WASHINGTON, Oct 25 (Reuters) World Bank staff have drafted a plan to tackle salinisation and waterlogging in its Indus Basin project in Pakistan, the world's largest irrigation system, according to a copy of a report obtained by Reuters.

The report, prepared ahead of an October 31 board meeting on the plan, says there are risks to delaying implementation of the plan, ''as well as risks arising from technical factors, difficulties in reaching consensus.'' A World Bank inspection panel, convened after complaints from Pakistanis in 2004, concluded in July that the 785 million dollars World Bank project did not sufficiently take into account the downstream effects on local residents.

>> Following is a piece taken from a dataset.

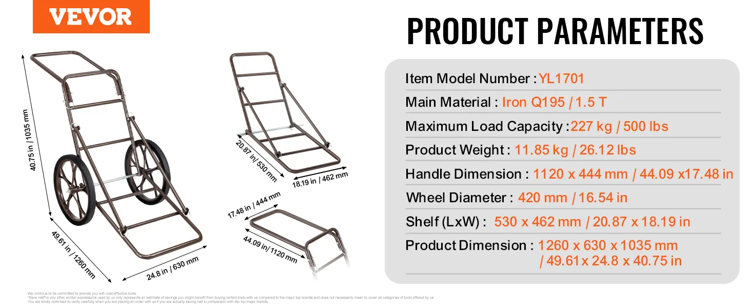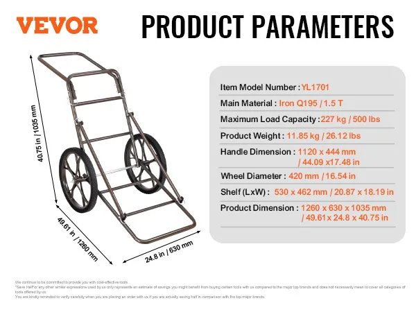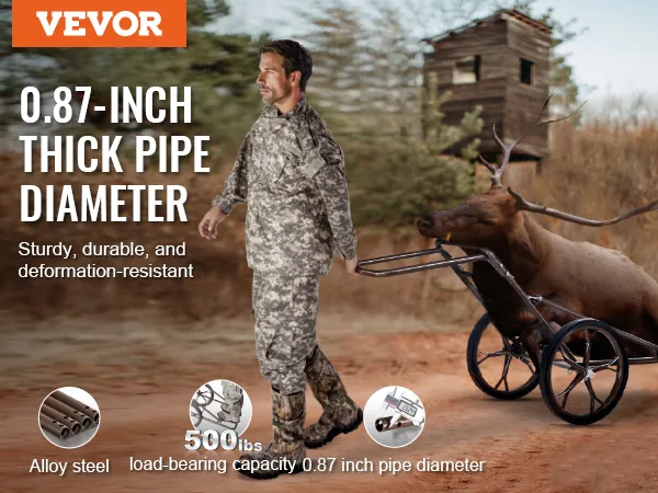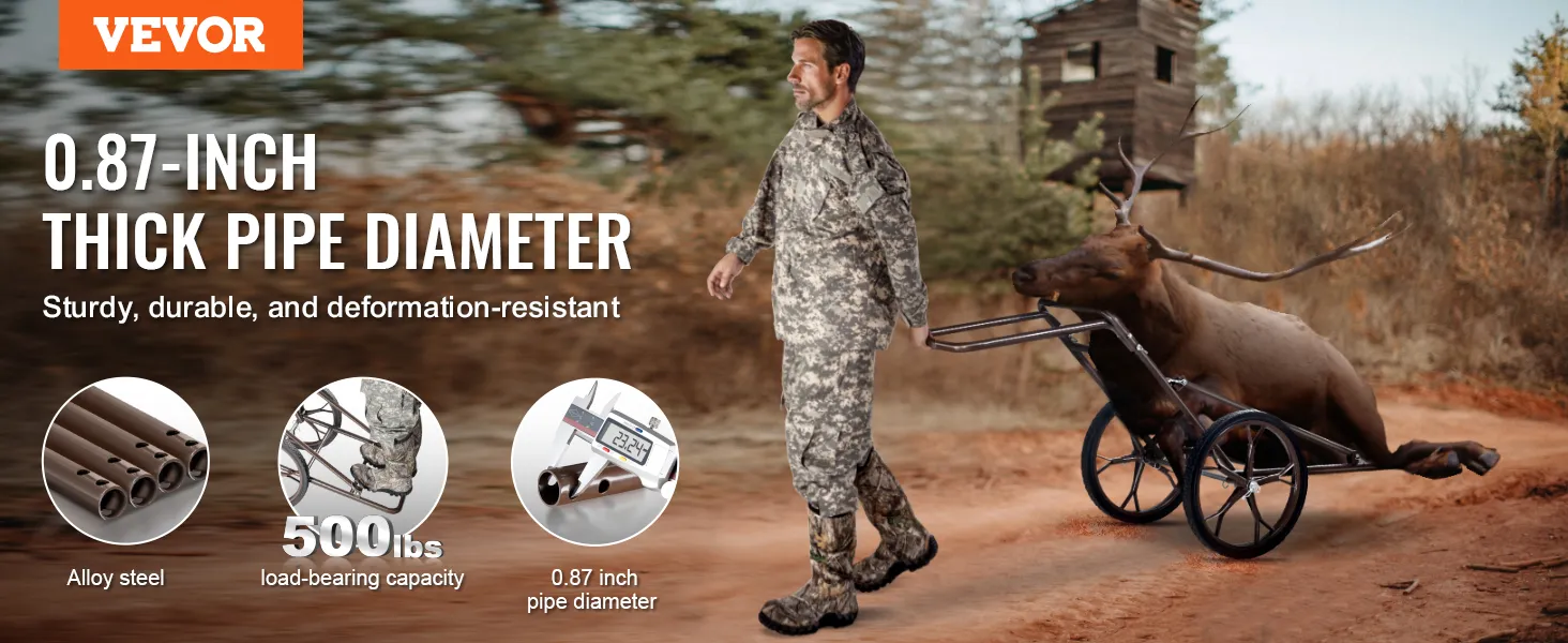 Hoge laadcapaciteit: deze uitstekende hertenwagen is gemaakt van gelegeerd staal met een buisdiameter van 0,87 inch (ca. 22 mm) en biedt een laadvermogen tot 227 kg (500 lbs), waardoor hij ideaal is voor het transporteren van uitrusting en wild tijdens de jachten. Hij kan ruw terrein doorkruisen en zonder problemen op zijn bestemming aankomen, wat cruciaal is voor jagers.

The Indus irrigates 35.7 million acres, creating an irrigated agriculture system accounting for about a quarter of Pakistan's gross domestic product, two-thirds of its employment and about 80 per cent of its exports, the staff report said.

The World Bank has already spent 18 million dollars on improving living conditions in the affected areas since 2004 and is proposing a flood management and coastal development plan between now and 2009, as well as improving the irrigation and drainage infrastructure between 2009 and 2016.

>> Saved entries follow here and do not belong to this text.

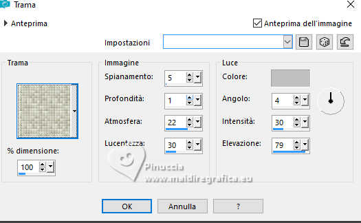 8. Effetti>Effetti di trama>Trama - seleziona la trama 1217493541_textures - colore #c0c0c0.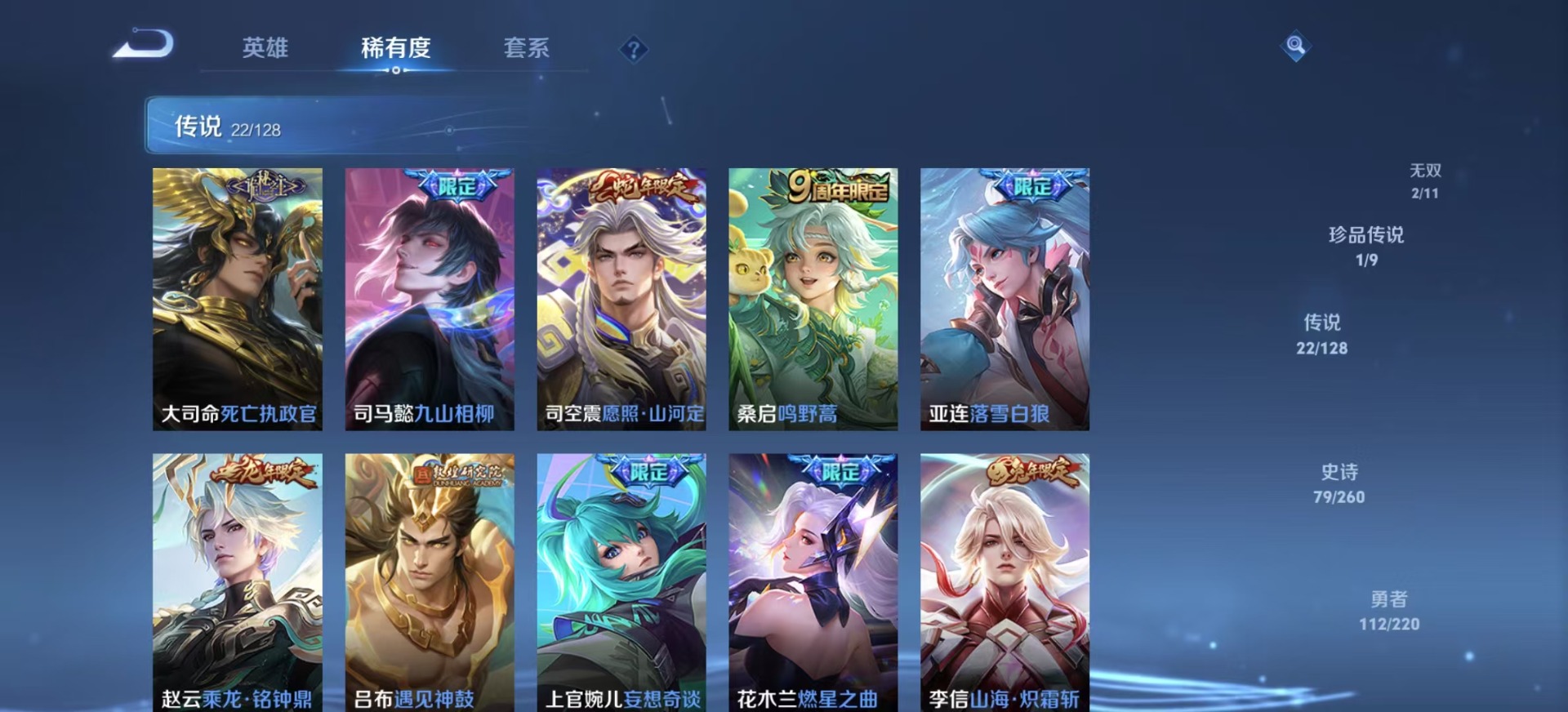 - PX_2083423-安卓Q 【可二次】 英雄数量:124 皮肤数量:353 贵族等级:贵族V8 【小国标张良 发育路44段】荣耀典藏2 传说品质5 史诗品质101全息碎影 神鉴启示录 云霓雀翎 久胜战神 飞鸢探春 启明星使 地狱火 神威 冰锋战神 天才门将 游园惊梦 王者之锤 心灵战警 迷踪丽影 功夫厨神 鬼剑武藏 魅力维加斯 皇家上将 繁星吟游 乱世虎臣 暗隐猎兽者 德古拉伯爵 幽灵船长 圣诞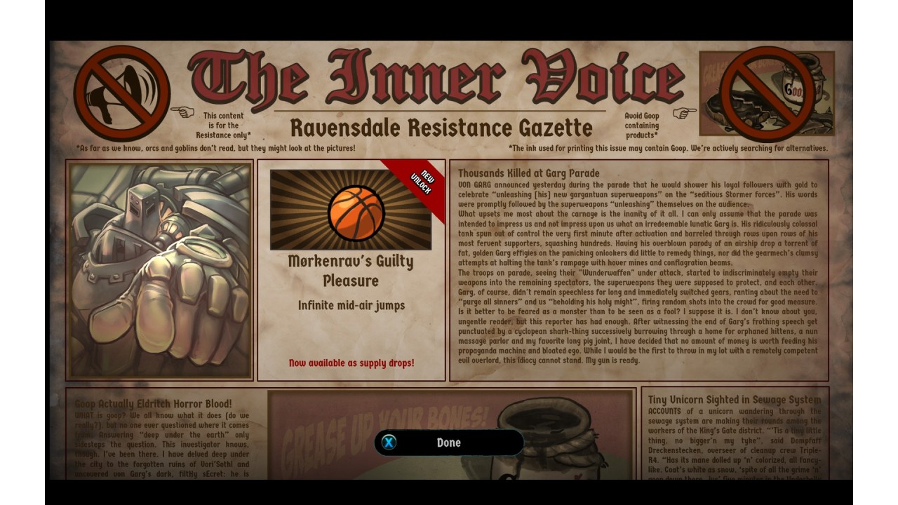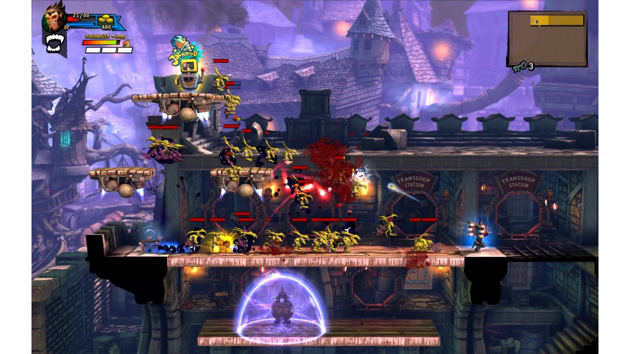 Delve deep into the oil rig city of Ravensdale. A medieval metropolis that went bonkers after the people discovered goop - a raw fluid that provided energy, skin cream, bread spread and powered diesel engines. And it turned the people of Ravensdale into raging, bloodthirsty monsters. Lucky for them they have you, leading a pack of lunatic knights on a killing spree to save the city.

However, non-governmental organisations, or NGOs, oppose World Bank funding of a new canal and dam network.

''The investigation by the inspection panel shows that the World Bank has not learned the lessons of its earlier fiascoes in the water sector,'' Ann-Kathrin Schneider of the International Rivers Network, an environmental lobbying group, said in a news release.

The Washington-based World Bank is a multilateral lender whose mission is to fight poverty around the world by providing financial and technical assistance.